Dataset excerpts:
::::

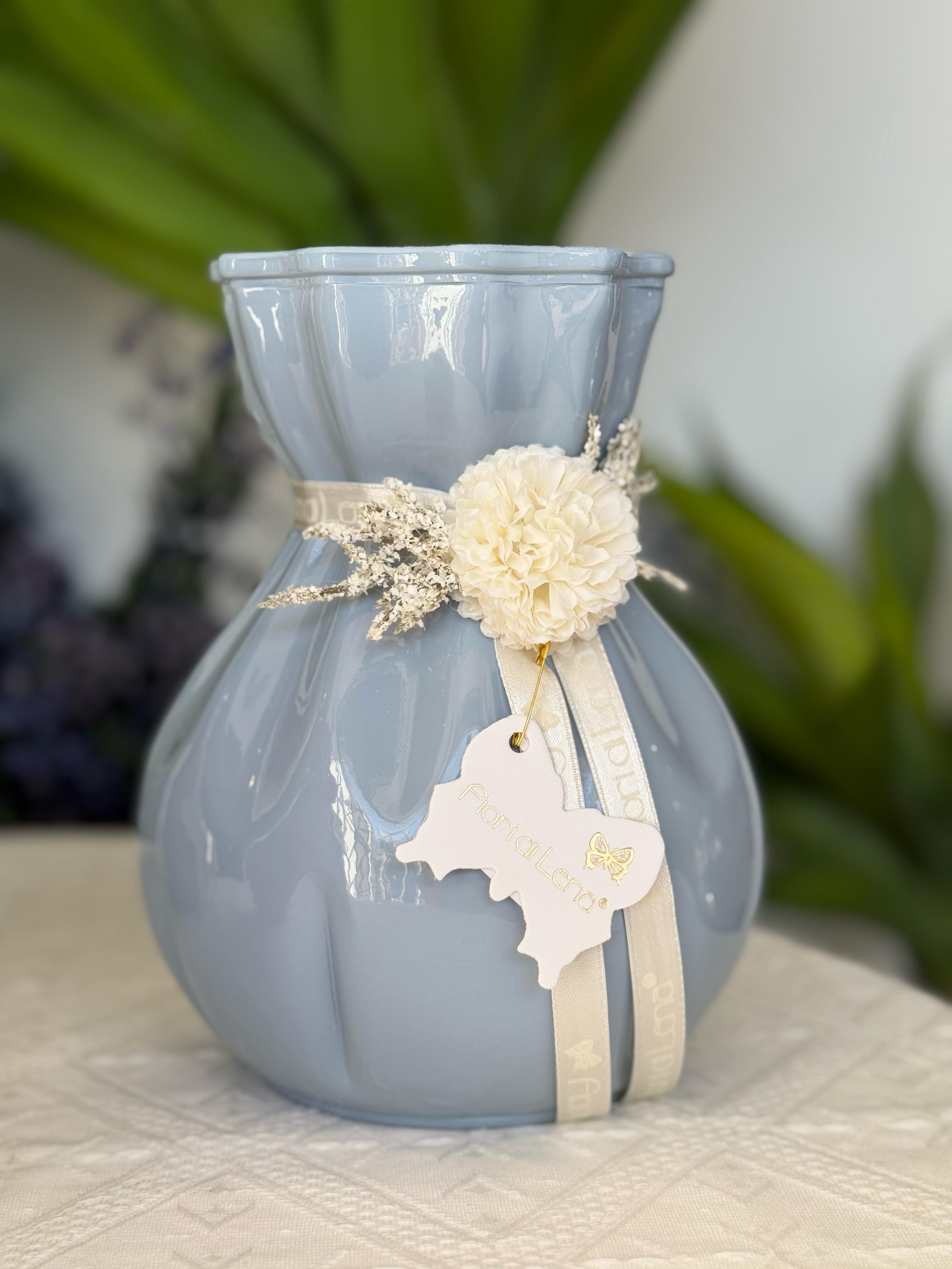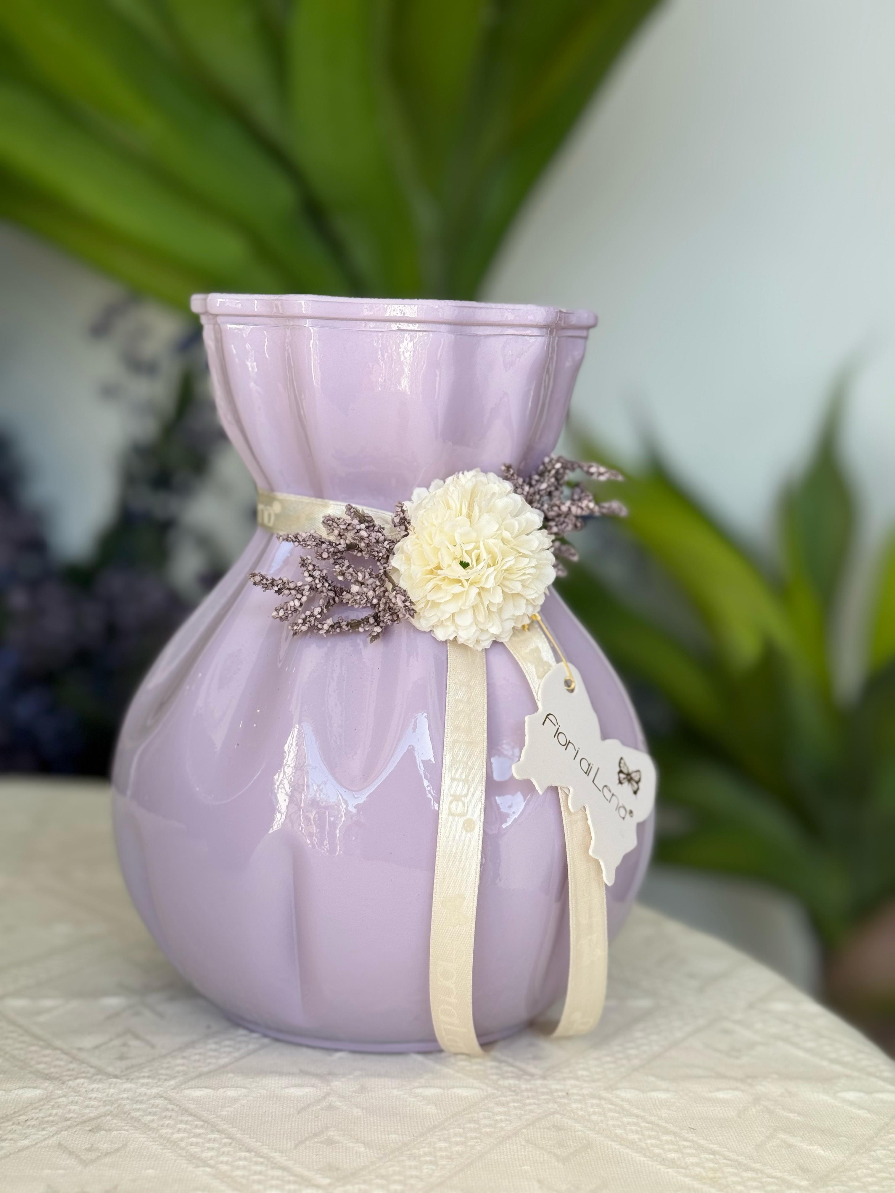 Vasetto in vetro colorato c/applicazione profumata - vari colori - H.18 cm - Fiori di Lena
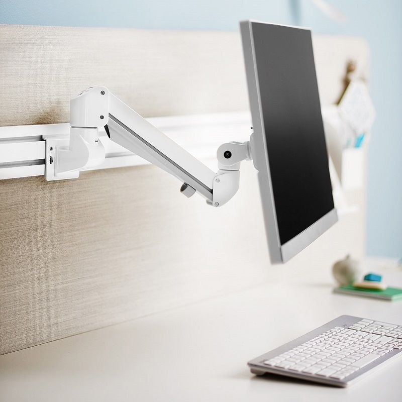 Kondator Conceptum Monitorarm, gasfjädrad, L 300 mm, vit. En gasfjädrad monitorarm av högsta kvalitet. 3-ledad, med smart design och Quick-Hook function. Passar samtliga Conceptum profiler. Levereras med toolbarfäste. Conceptum är en stadig toolbar serie vilken kan kompletteras med ett mycket stort urval av tillbehör. Ett flexibelt och komplett koncept, som ger unika möjligheter för anpassning till individuella behov. Allt med en design och prestanda, som förenar både elegans och funktionalitet. Finns för både fristående montage direkt i bordsskivan (F-Profil) alternativt montage på skärmvägg (M-Profil). Conceptum M-Profil passar till samtliga Gerdmans bordsskärmar.
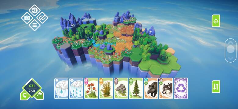 Графика в игре тоже хороша, ведь карты прямо у вас на глазах оживают и превращаются в элементы природы, потом они становятся больше, когда вы объединяете их в группы, потом по ним начинают бродить животные, которых вы в них расселяете…
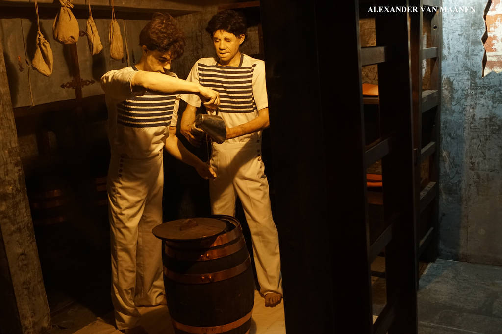 Dimensions 87 x 13 x 6,4 metres or 284 x 32 x 21 feet and a displacement of 1.849,16 tons. 4-Decker. Armament consisted of 50 guns gundeck 28-19pd gun, deck 20-32pd carronades and forecastle 2-12pd bow chasers). Sail area 2.052,2 square metres/22.190 square feet. Crew numbered 146-379 men and 270 passengers.
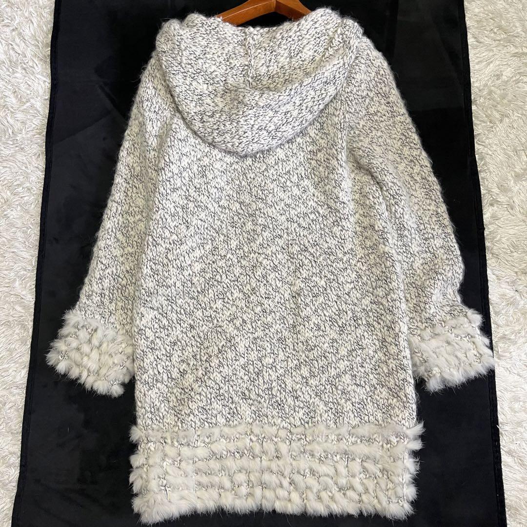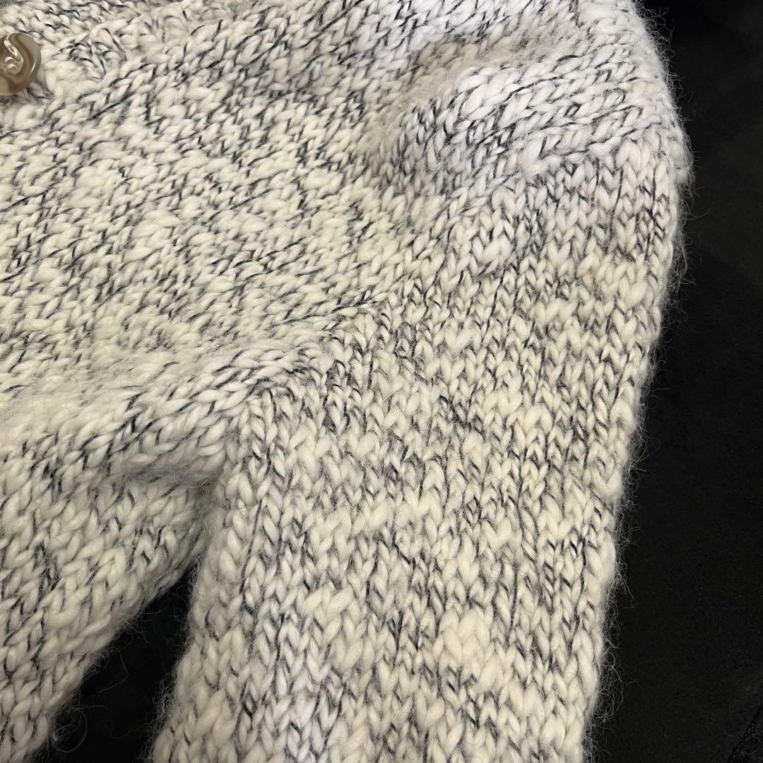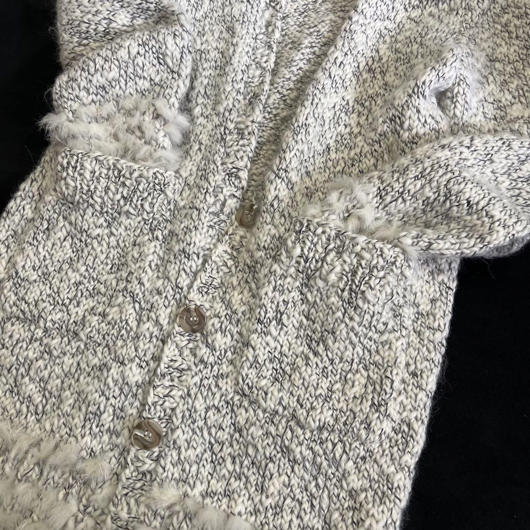 アルパカ47%のもこふわの極太毛糸で編んだミックス生地が使われ、裾周りそで周りには、ラビットファーが編み込まれております。
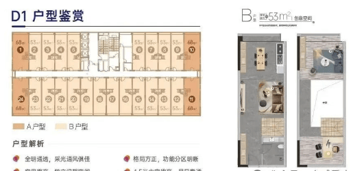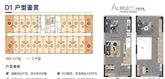 D-2公寓:从36-68㎡不等的多种户型选择,满足不同住户的需求。
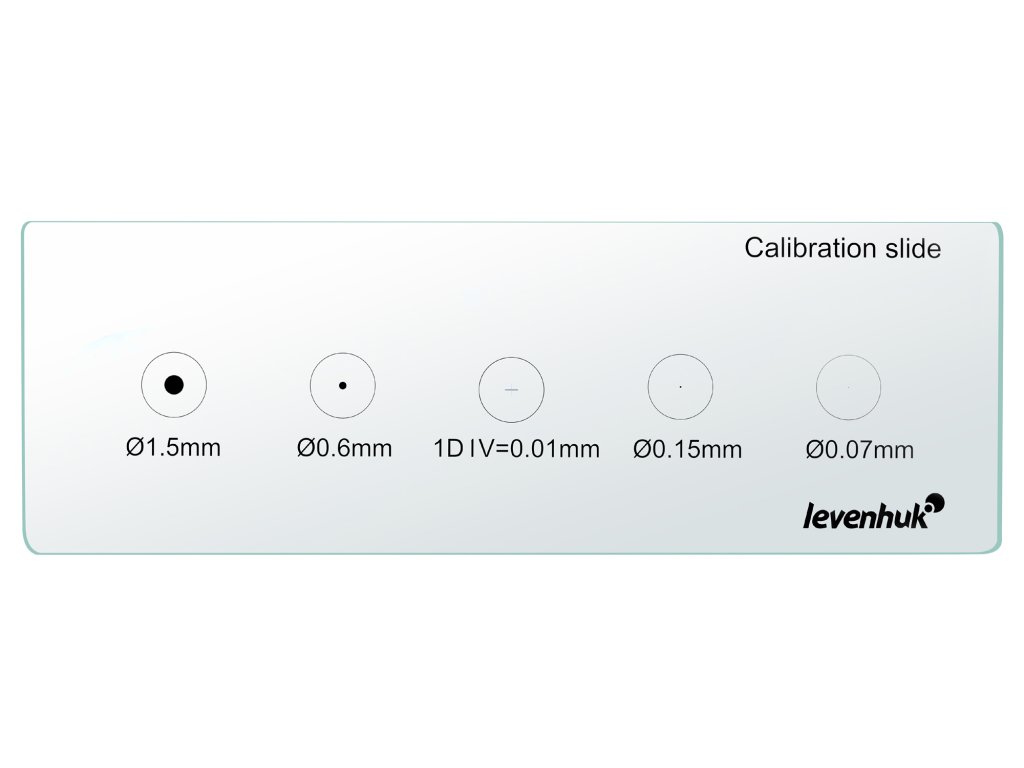 Kalibračné sklíčko Levenhuk MED X/Y je kus priehľadného skla. Mikrometrická stupnica je umiestnená uprostred. Minimálna veľkosť dielika stupnice je 0,01 mm. Na oboch stranách stupnice sú kruhy s rôznymi priemermi - 1,5 mm, 0,6 mm, 0,15 mm a 0,07 mm. Kalibračné sklíčko je špeciálne navrhnuté na kalibráciu mikroskopov, čo vám umožní presne určiť veľkosť a vzdialenosti medzi skúmanými preparátmi. Je to obzvlášť dôležité pri kvantitatívnych výskumoch, kde je nevyhnutná vysoká úroveň presnosti.
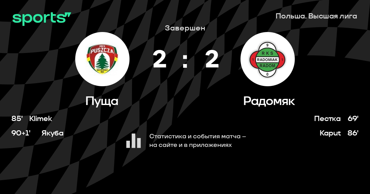 | 1 | Лех | 34 | 22 | 4 | 8 | 68 | 31 | +37 | 70 | ||

::::

WHAT YOU ARE ASKED TO DO: Retype the data above as given, letting no picture into the copy.

RESPONSE BELOW:
 Vasetto in vetro colorato c/applicazione profumata - vari colori - H.18 cm - Fiori di Lena
 Kondator Conceptum Monitorarm, gasfjädrad, L 300 mm, vit. En gasfjädrad monitorarm av högsta kvalitet. 3-ledad, med smart design och Quick-Hook function. Passar samtliga Conceptum profiler. Levereras med toolbarfäste. Conceptum är en stadig toolbar serie vilken kan kompletteras med ett mycket stort urval av tillbehör. Ett flexibelt och komplett koncept, som ger unika möjligheter för anpassning till individuella behov. Allt med en design och prestanda, som förenar både elegans och funktionalitet. Finns för både fristående montage direkt i bordsskivan (F-Profil) alternativt montage på skärmvägg (M-Profil). Conceptum M-Profil passar till samtliga Gerdmans bordsskärmar.
 Графика в игре тоже хороша, ведь карты прямо у вас на глазах оживают и превращаются в элементы природы, потом они становятся больше, когда вы объединяете их в группы, потом по ним начинают бродить животные, которых вы в них расселяете…
 Dimensions 87 x 13 x 6,4 metres or 284 x 32 x 21 feet and a displacement of 1.849,16 tons. 4-Decker. Armament consisted of 50 guns gundeck 28-19pd gun, deck 20-32pd carronades and forecastle 2-12pd bow chasers). Sail area 2.052,2 square metres/22.190 square feet. Crew numbered 146-379 men and 270 passengers.
 アルパカ47%のもこふわの極太毛糸で編んだミックス生地が使われ、裾周りそで周りには、ラビットファーが編み込まれております。
 D-2公寓:从36-68㎡不等的多种户型选择,满足不同住户的需求。
 Kalibračné sklíčko Levenhuk MED X/Y je kus priehľadného skla. Mikrometrická stupnica je umiestnená uprostred. Minimálna veľkosť dielika stupnice je 0,01 mm. Na oboch stranách stupnice sú kruhy s rôznymi priemermi - 1,5 mm, 0,6 mm, 0,15 mm a 0,07 mm. Kalibračné sklíčko je špeciálne navrhnuté na kalibráciu mikroskopov, čo vám umožní presne určiť veľkosť a vzdialenosti medzi skúmanými preparátmi. Je to obzvlášť dôležité pri kvantitatívnych výskumoch, kde je nevyhnutná vysoká úroveň presnosti.
 | 1 | Лех | 34 | 22 | 4 | 8 | 68 | 31 | +37 | 70 | ||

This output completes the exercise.